Tuesday, January 16, 2018

The Copper Key



The Copper Key
Ready Player One by Ernest Cline
 Nicholas Stevens


In a world where everybody forgets about real life and uses VR headsets, a kid named Wade is on the hunt for Halliday’s Easter egg. Halliday is the creator of the game, “Oasis,” which is life simulator game because real life sucks for everybody. Halliday has put a secret in the game, and whoever finds it gets his entire fortune. Wade has studied every liking of Halliday in hopes of discovering his secret and to his success he finds the first clue to his secret hidden within a copy of an old D&D dungeon called The Tomb of Horrors. Wade, having the knowledge of almost every dungeon detail, manages to bypass all the traps and monsters that lurk and would likely kill his character in the dungeon.

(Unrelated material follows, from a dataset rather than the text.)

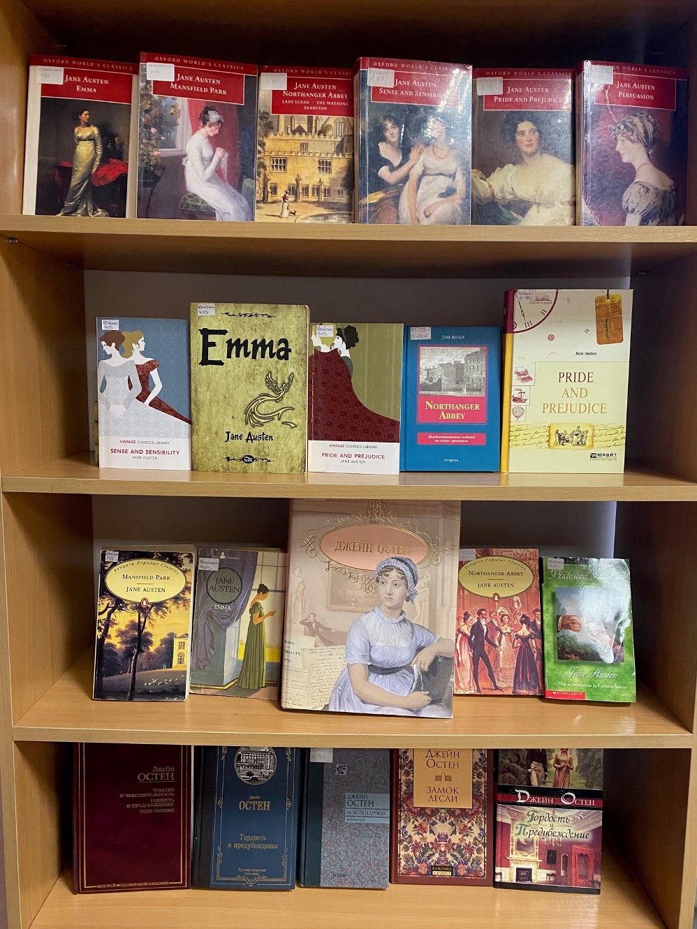 На выставке представлены романы Джейн Остин как на английском, так и на русском языках: "Гордость и предубеждение", "Замок Лесли", "Мэнсфилд-парк", "Чувство и чувствительность", "Эмма" и другие работы писательницы.
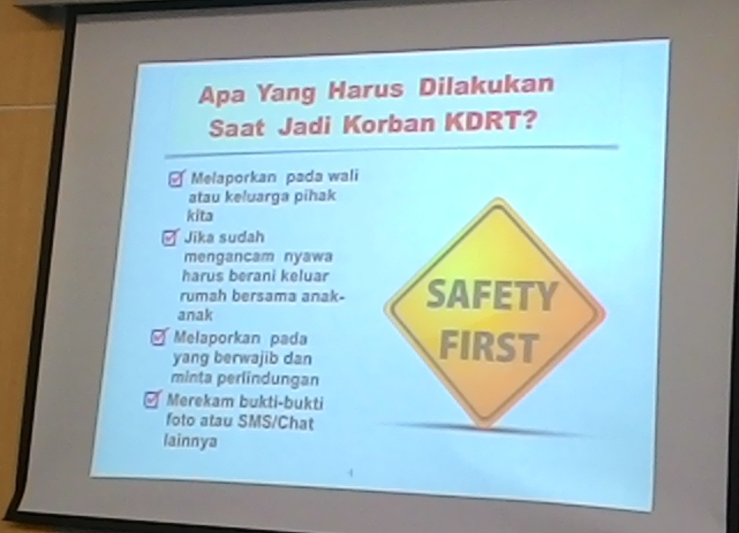 JpegTujuan utama dari acara ini adalah memberikan edukasi kepada masyarakat khususnya wanita. Maka dengan membeberkan kisah dua pembicara ini, diharapkan mampu membuat wanita-wanita tersadar dan tidak lagi hanya nangis dipojokan namun lebih gigih memperjuangkan diri dan keluarganya terutama anak. KDRT masih menjadi selubung dalam rumah tangga, tak banyak orang luar yang mengetahuinya karena biasanya pasutri ini sepakat menyembunyikannya.

Upon reaching the boss at the end Wade for certain knows he would have to fight the boss and he knew the boss was an undead lich king which would one shot him to death, but Wade, not having much to lose, enters. When he enters he looks upon the lich sitting atop his throne lifeless. Taking another step in the room the lich awakes and instead of fighting Wade the lich challenges him to a Joust. Wade, surprised because lich’s were supposed to fight the player, he sees the lich with his skeleton hand conjure an old video cabinet with the title Joust on it and challenges Wade to a best of three. After getting demolished from the first game Wade realises that the lich was programmed to a certain skill set and would do certain moves every time, so using this knowledge Wade destroys the lich in the next two games making him the winner. Upon winning he gets the copper key which would help with the easter egg.

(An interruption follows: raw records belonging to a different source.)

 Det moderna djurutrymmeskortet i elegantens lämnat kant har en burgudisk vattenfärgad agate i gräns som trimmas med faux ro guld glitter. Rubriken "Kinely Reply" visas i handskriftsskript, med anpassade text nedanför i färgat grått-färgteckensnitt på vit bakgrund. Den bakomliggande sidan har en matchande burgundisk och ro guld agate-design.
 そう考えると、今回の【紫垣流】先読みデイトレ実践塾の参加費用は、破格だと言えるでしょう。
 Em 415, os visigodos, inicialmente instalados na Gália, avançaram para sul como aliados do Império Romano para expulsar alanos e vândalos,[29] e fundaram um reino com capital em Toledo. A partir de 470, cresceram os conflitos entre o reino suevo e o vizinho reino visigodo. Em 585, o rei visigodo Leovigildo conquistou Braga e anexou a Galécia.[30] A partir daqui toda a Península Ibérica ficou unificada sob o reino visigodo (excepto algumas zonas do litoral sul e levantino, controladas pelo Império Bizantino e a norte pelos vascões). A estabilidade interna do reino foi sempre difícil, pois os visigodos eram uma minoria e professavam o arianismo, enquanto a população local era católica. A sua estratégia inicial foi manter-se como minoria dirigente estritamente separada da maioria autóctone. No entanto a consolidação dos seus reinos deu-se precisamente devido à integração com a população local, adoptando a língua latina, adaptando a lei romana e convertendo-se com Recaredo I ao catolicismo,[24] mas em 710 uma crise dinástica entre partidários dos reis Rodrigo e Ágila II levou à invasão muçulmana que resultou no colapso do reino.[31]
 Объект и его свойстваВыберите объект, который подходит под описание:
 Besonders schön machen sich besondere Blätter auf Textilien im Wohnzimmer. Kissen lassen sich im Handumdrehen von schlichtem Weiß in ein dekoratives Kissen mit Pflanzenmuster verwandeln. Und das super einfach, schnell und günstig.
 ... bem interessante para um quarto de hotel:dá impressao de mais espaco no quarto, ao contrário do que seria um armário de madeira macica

This chapter really hooks the reader in, but I feel that the author could have left out some detail that had nothing to do with the plot. Other than that I like how the author brings old entertainment into Halliday’s likings, “I watched every episode of The Greatest American Hero, Airwolf, The A-Team, Knight Rider, and The Muppet Show,”(Cline 63). Also I remember when I played D&D and doing the Tomb of Horrors campaign and the author definitely studied the manual when writing this chapter because of the detail of the tomb, “I held my breath as I placed the close up image from the Ludus map beside the illustration the D&D module,”(Cline 71). I got a weird but funny image when the author shows this huge undead and scary lich standing next to Wade playing on an old arcade machine,” Acererak took hold of the yellow joystick on the left side on the control panel and closed his bony fingers around it,”(Cline 80). Even though I haven’t finished the book I would recommend it to everyone because Ernest Cline uses his writing to mix old 80’s ideas with new present day ideas.